▸ **Dataset entries**

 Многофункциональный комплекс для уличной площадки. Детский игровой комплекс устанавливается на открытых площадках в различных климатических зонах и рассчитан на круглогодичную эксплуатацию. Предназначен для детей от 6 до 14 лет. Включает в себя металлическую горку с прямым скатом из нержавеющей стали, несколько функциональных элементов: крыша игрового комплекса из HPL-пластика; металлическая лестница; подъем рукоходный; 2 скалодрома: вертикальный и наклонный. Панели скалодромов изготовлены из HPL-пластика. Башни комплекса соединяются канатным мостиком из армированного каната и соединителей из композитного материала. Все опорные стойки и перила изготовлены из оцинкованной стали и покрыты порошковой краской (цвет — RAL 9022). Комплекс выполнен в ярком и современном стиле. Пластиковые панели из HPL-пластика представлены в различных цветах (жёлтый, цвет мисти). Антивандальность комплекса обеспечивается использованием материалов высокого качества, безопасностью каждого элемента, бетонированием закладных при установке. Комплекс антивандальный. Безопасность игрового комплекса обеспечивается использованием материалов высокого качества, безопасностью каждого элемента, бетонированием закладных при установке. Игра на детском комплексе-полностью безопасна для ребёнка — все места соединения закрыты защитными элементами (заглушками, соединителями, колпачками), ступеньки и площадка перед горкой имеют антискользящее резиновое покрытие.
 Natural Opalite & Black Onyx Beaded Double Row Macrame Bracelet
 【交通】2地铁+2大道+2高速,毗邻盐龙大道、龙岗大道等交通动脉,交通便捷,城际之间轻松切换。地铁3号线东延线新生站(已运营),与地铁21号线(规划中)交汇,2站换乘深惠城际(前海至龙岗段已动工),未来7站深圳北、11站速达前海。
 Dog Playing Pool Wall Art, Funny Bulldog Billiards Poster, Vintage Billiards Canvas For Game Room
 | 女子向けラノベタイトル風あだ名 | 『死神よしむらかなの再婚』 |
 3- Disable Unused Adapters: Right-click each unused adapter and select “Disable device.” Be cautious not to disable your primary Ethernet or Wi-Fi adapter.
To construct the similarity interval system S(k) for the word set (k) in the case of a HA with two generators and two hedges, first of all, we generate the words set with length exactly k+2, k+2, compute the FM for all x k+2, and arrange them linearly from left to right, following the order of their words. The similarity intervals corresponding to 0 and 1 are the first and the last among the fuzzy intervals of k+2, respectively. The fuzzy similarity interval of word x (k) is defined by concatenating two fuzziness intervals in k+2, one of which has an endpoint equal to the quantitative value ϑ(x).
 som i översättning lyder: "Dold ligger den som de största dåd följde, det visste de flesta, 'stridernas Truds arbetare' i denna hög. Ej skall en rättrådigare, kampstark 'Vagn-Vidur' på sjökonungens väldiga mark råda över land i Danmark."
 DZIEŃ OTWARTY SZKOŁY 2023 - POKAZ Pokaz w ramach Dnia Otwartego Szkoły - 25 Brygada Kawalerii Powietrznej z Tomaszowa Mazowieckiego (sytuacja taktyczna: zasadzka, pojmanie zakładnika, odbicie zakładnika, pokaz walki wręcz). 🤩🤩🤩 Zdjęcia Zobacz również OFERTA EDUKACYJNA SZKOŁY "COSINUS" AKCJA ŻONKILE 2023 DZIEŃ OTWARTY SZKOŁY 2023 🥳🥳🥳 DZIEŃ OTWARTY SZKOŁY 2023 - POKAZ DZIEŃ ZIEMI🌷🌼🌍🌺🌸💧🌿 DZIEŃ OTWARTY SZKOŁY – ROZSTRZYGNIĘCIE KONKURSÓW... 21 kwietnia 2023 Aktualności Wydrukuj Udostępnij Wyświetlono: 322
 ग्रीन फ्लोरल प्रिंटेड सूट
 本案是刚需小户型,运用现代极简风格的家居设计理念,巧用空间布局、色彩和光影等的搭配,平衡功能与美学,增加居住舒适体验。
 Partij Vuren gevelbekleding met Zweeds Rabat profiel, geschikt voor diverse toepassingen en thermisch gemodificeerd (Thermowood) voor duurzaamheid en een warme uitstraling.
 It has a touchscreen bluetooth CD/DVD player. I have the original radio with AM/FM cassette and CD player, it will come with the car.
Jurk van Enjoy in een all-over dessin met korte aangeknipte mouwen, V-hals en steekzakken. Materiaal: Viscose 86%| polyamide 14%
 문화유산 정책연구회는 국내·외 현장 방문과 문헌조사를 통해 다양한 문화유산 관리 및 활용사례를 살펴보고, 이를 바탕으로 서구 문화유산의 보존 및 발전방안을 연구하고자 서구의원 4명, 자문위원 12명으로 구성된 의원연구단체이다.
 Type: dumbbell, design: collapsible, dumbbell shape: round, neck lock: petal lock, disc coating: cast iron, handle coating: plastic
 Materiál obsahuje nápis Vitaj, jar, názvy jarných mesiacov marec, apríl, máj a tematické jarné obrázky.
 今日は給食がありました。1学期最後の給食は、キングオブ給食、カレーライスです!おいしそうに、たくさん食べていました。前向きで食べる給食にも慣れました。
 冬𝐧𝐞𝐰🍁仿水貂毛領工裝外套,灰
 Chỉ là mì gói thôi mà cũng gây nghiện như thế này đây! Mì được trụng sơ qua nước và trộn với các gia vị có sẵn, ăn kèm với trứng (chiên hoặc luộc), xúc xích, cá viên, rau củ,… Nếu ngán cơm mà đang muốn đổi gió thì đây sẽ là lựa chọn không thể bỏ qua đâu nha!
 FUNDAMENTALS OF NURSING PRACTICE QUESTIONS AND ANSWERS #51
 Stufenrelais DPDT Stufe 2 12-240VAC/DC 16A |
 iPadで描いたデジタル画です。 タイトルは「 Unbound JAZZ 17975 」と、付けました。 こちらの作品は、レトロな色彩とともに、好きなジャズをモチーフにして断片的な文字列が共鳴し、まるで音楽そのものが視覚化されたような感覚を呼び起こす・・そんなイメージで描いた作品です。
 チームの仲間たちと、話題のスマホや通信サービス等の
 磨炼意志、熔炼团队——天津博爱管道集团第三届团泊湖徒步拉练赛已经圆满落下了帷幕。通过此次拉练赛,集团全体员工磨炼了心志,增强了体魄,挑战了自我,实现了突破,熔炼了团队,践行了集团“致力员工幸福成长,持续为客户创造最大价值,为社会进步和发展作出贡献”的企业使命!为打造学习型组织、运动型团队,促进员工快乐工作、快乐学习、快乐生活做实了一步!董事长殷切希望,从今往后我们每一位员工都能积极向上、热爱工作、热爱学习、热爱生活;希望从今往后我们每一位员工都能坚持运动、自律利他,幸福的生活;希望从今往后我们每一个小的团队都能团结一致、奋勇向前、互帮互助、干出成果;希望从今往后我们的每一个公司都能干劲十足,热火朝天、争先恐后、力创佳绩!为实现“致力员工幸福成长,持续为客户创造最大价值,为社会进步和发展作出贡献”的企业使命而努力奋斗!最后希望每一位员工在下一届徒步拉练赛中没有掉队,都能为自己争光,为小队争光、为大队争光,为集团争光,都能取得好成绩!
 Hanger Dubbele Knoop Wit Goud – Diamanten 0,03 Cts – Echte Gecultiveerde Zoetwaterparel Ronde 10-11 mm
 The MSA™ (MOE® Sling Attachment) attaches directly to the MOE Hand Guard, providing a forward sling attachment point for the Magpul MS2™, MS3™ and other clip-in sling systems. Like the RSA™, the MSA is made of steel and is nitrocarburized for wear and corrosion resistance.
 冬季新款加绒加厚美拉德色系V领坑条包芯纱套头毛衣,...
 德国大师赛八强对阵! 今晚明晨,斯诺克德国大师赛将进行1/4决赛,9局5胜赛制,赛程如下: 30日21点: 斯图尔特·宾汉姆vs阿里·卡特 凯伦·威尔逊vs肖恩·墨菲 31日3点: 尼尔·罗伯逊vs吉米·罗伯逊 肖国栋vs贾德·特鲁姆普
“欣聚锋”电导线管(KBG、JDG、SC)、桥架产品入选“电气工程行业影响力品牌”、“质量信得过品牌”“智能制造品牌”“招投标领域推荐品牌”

▸ **EXERCISE AIM**
Please copy the line that contains "Chỉ là mì gói" and each line after it through the end of the records, exactly, and no other lines.

▸ **SOLUTION TO THIS TASK**
 Chỉ là mì gói thôi mà cũng gây nghiện như thế này đây! Mì được trụng sơ qua nước và trộn với các gia vị có sẵn, ăn kèm với trứng (chiên hoặc luộc), xúc xích, cá viên, rau củ,… Nếu ngán cơm mà đang muốn đổi gió thì đây sẽ là lựa chọn không thể bỏ qua đâu nha!
 FUNDAMENTALS OF NURSING PRACTICE QUESTIONS AND ANSWERS #51
 Stufenrelais DPDT Stufe 2 12-240VAC/DC 16A |
 iPadで描いたデジタル画です。 タイトルは「 Unbound JAZZ 17975 」と、付けました。 こちらの作品は、レトロな色彩とともに、好きなジャズをモチーフにして断片的な文字列が共鳴し、まるで音楽そのものが視覚化されたような感覚を呼び起こす・・そんなイメージで描いた作品です。
 チームの仲間たちと、話題のスマホや通信サービス等の
 磨炼意志、熔炼团队——天津博爱管道集团第三届团泊湖徒步拉练赛已经圆满落下了帷幕。通过此次拉练赛,集团全体员工磨炼了心志,增强了体魄,挑战了自我,实现了突破,熔炼了团队,践行了集团“致力员工幸福成长,持续为客户创造最大价值,为社会进步和发展作出贡献”的企业使命!为打造学习型组织、运动型团队,促进员工快乐工作、快乐学习、快乐生活做实了一步!董事长殷切希望,从今往后我们每一位员工都能积极向上、热爱工作、热爱学习、热爱生活;希望从今往后我们每一位员工都能坚持运动、自律利他,幸福的生活;希望从今往后我们每一个小的团队都能团结一致、奋勇向前、互帮互助、干出成果;希望从今往后我们的每一个公司都能干劲十足,热火朝天、争先恐后、力创佳绩!为实现“致力员工幸福成长,持续为客户创造最大价值,为社会进步和发展作出贡献”的企业使命而努力奋斗!最后希望每一位员工在下一届徒步拉练赛中没有掉队,都能为自己争光,为小队争光、为大队争光,为集团争光,都能取得好成绩!
 Hanger Dubbele Knoop Wit Goud – Diamanten 0,03 Cts – Echte Gecultiveerde Zoetwaterparel Ronde 10-11 mm
 The MSA™ (MOE® Sling Attachment) attaches directly to the MOE Hand Guard, providing a forward sling attachment point for the Magpul MS2™, MS3™ and other clip-in sling systems. Like the RSA™, the MSA is made of steel and is nitrocarburized for wear and corrosion resistance.
 冬季新款加绒加厚美拉德色系V领坑条包芯纱套头毛衣,...
 德国大师赛八强对阵! 今晚明晨,斯诺克德国大师赛将进行1/4决赛,9局5胜赛制,赛程如下: 30日21点: 斯图尔特·宾汉姆vs阿里·卡特 凯伦·威尔逊vs肖恩·墨菲 31日3点: 尼尔·罗伯逊vs吉米·罗伯逊 肖国栋vs贾德·特鲁姆普
“欣聚锋”电导线管(KBG、JDG、SC)、桥架产品入选“电气工程行业影响力品牌”、“质量信得过品牌”“智能制造品牌”“招投标领域推荐品牌”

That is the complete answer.